ASSIGNMENT: Only one stretch of lines is wanted: the line with "The Adrenal supplement" through the final line of the material. Restate it word for word, minus pictures.

DATASET SECTION:

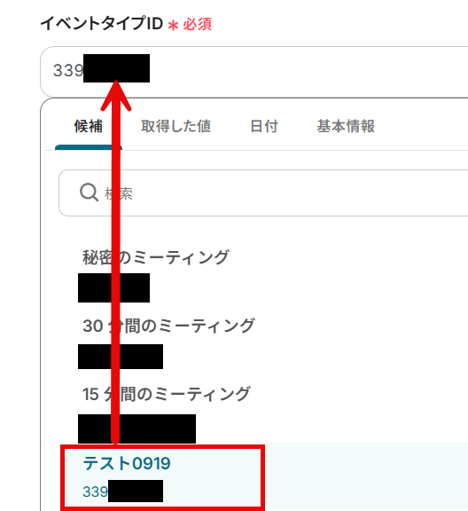 候補から、連携するカレンダーIDを選択してください。
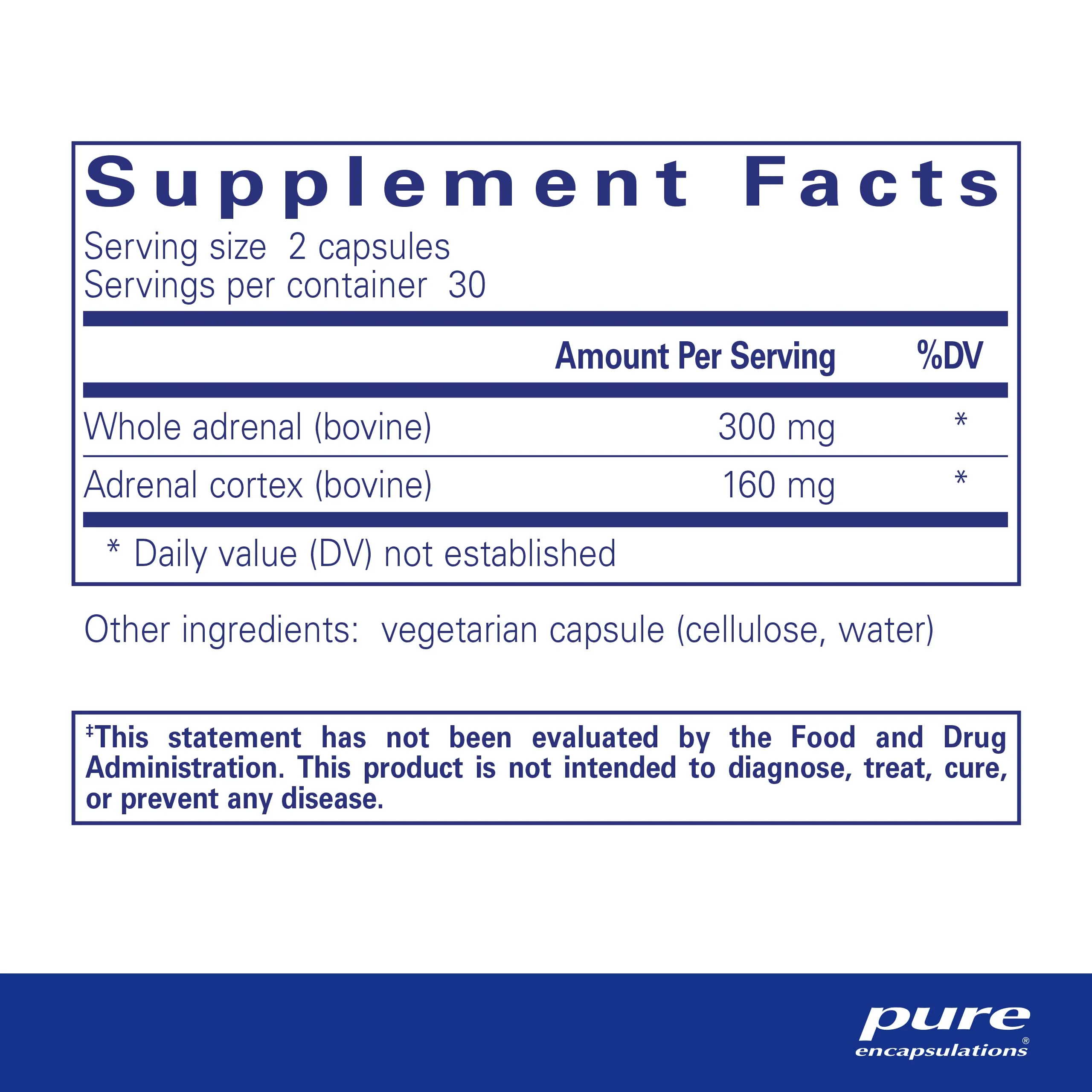The Adrenal supplement offers a blend of whole adrenal and adrenal cortex to help maintain adrenal gland function and healthy cortisol levels. Whole adrenal and adrenal cortex nutritionally support the adrenal gland.‡
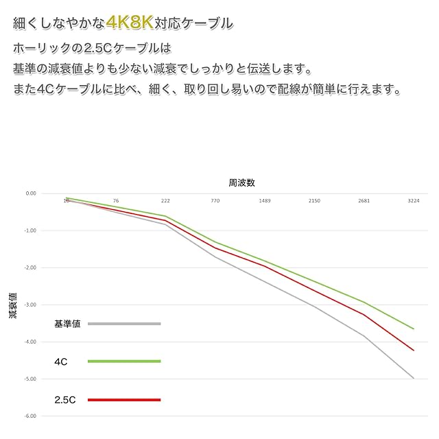 [4K8K衛星放送対応] [ケーブルは細く柔軟で配線が簡単] [2重シールドで信号干渉を低減] [金メッキコネクタで耐久性向上]
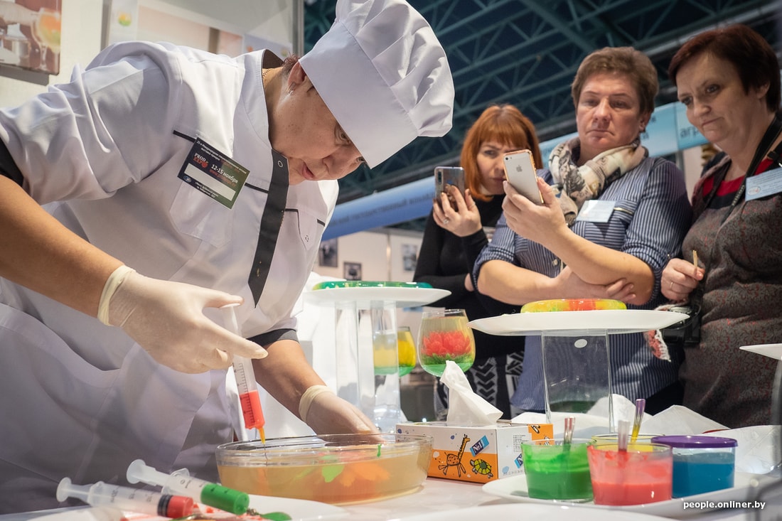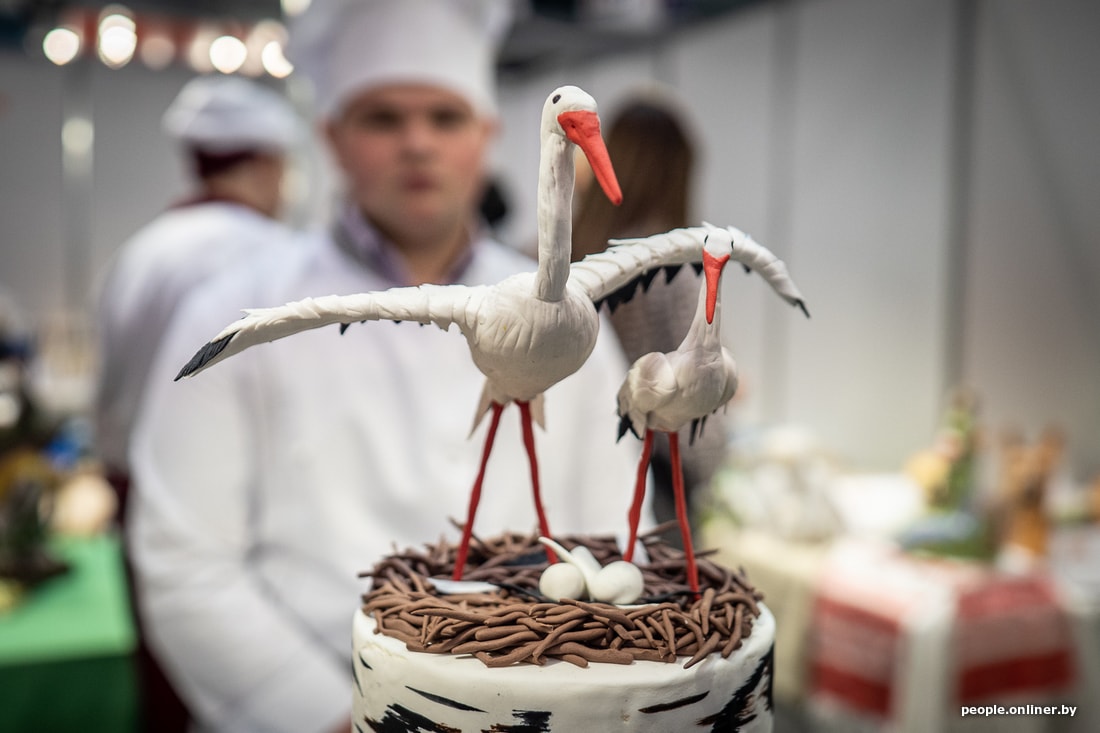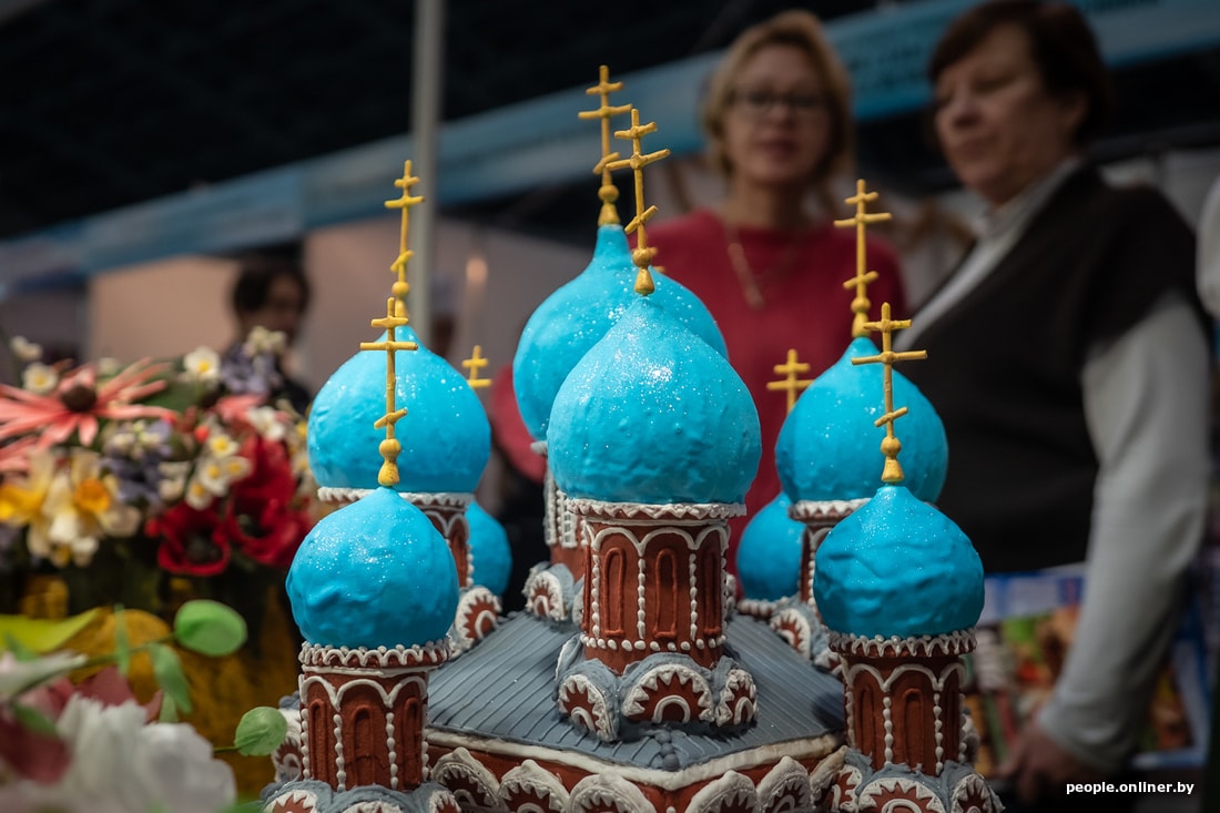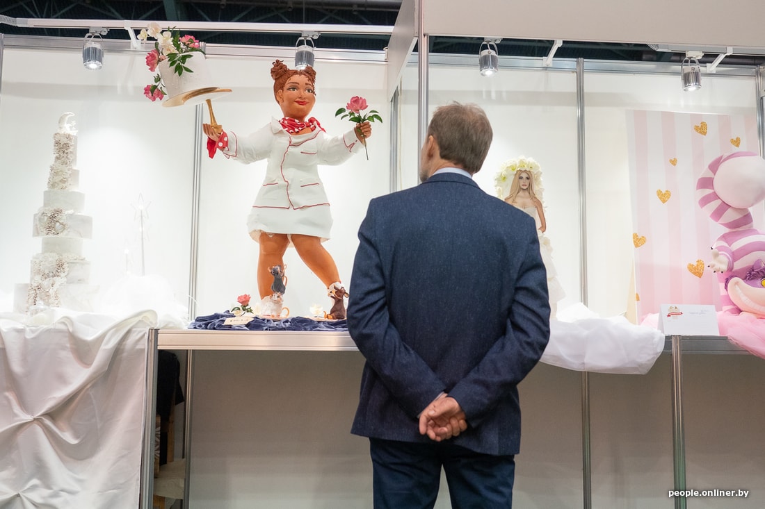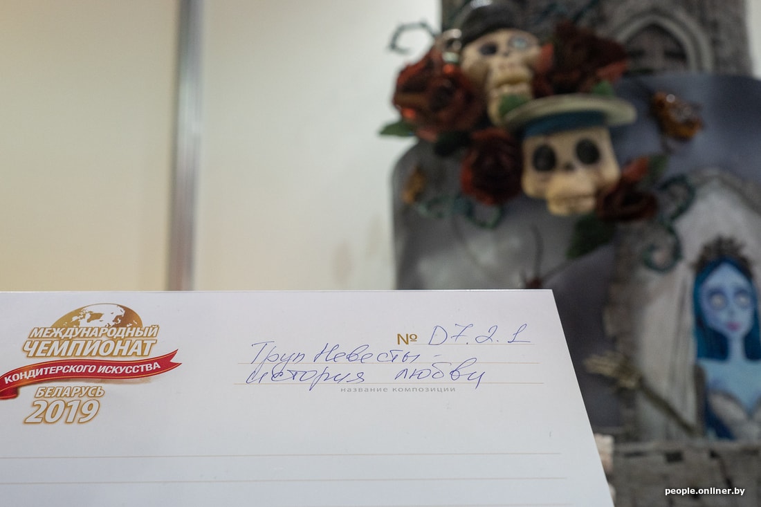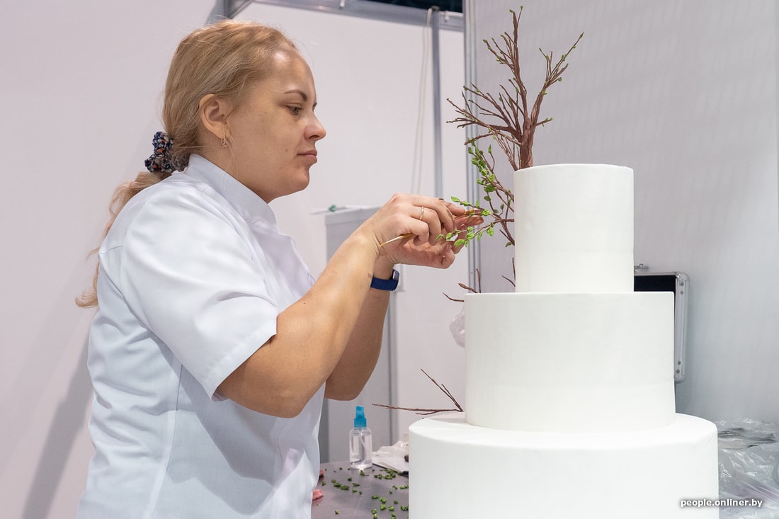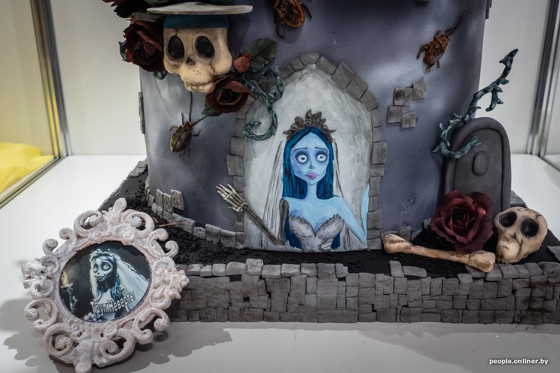 Еще на выставке соревнуются повара — здесь проходит Международный чемпионат кондитерского искусства. Пряничные домики, свадебные торты и... Названия сладких произведений искусства обычно лаконичны: «Фантазия», «Феерия зимы», «Малая родина». Взгляд «спотыкается» на торте «Труп невесты — история любви».

EXERCISE ANSWER:
The Adrenal supplement offers a blend of whole adrenal and adrenal cortex to help maintain adrenal gland function and healthy cortisol levels. Whole adrenal and adrenal cortex nutritionally support the adrenal gland.‡
 [4K8K衛星放送対応] [ケーブルは細く柔軟で配線が簡単] [2重シールドで信号干渉を低減] [金メッキコネクタで耐久性向上]
 Еще на выставке соревнуются повара — здесь проходит Международный чемпионат кондитерского искусства. Пряничные домики, свадебные торты и... Названия сладких произведений искусства обычно лаконичны: «Фантазия», «Феерия зимы», «Малая родина». Взгляд «спотыкается» на торте «Труп невесты — история любви».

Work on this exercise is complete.